Supplied material:
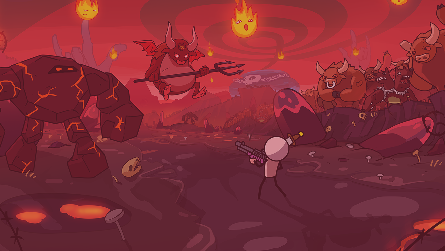 The world around has changed. Green grass withered. The surface was covered with fire. A gigantic hellish cauldron appeared in the distance. Stickman moved to terrible lands when he touched his weapon.
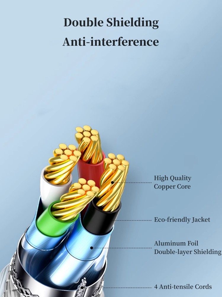•Using this double shielded cable to protect your data from EMI and RFI noise interference.
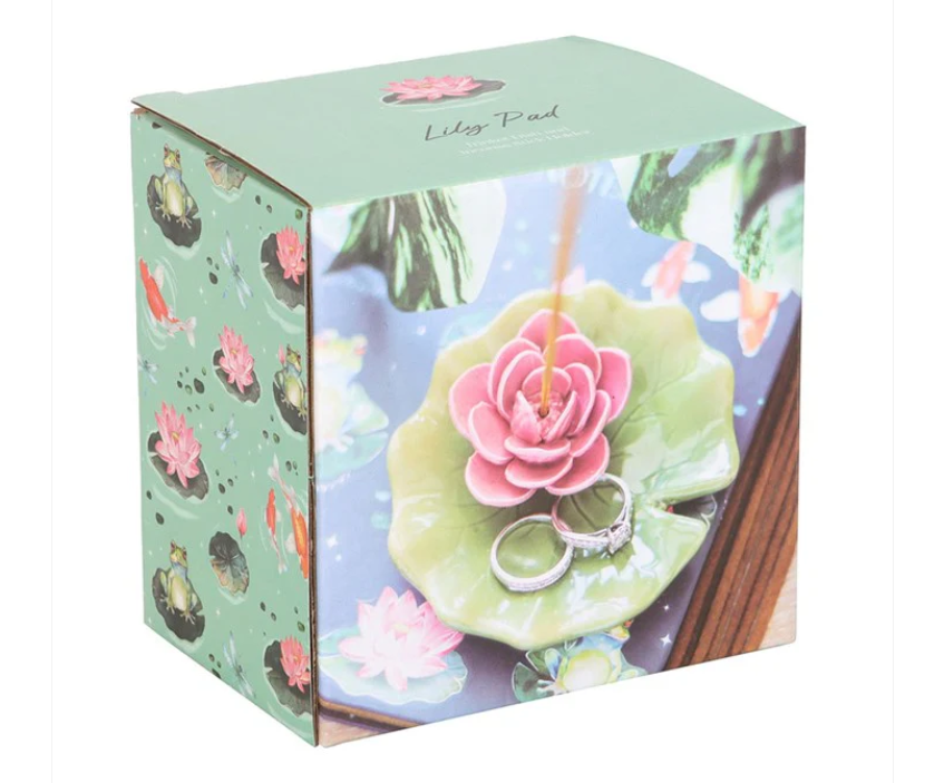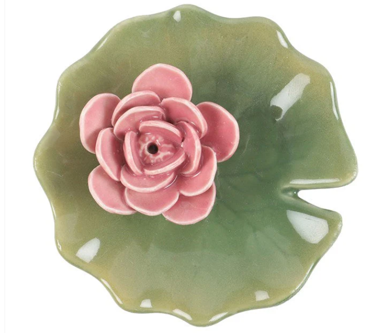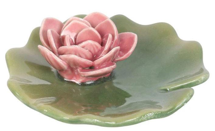 Ceramic Lily Pad Incense Holder & Jewellery Dish – Pink & Green

The task:
Using the material above, restate word for word the lines from the line that has "RFI noise interference." to the last line, inclusive, with pictures omitted.

Problem solution:
•Using this double shielded cable to protect your data from EMI and RFI noise interference.
 Ceramic Lily Pad Incense Holder & Jewellery Dish – Pink & Green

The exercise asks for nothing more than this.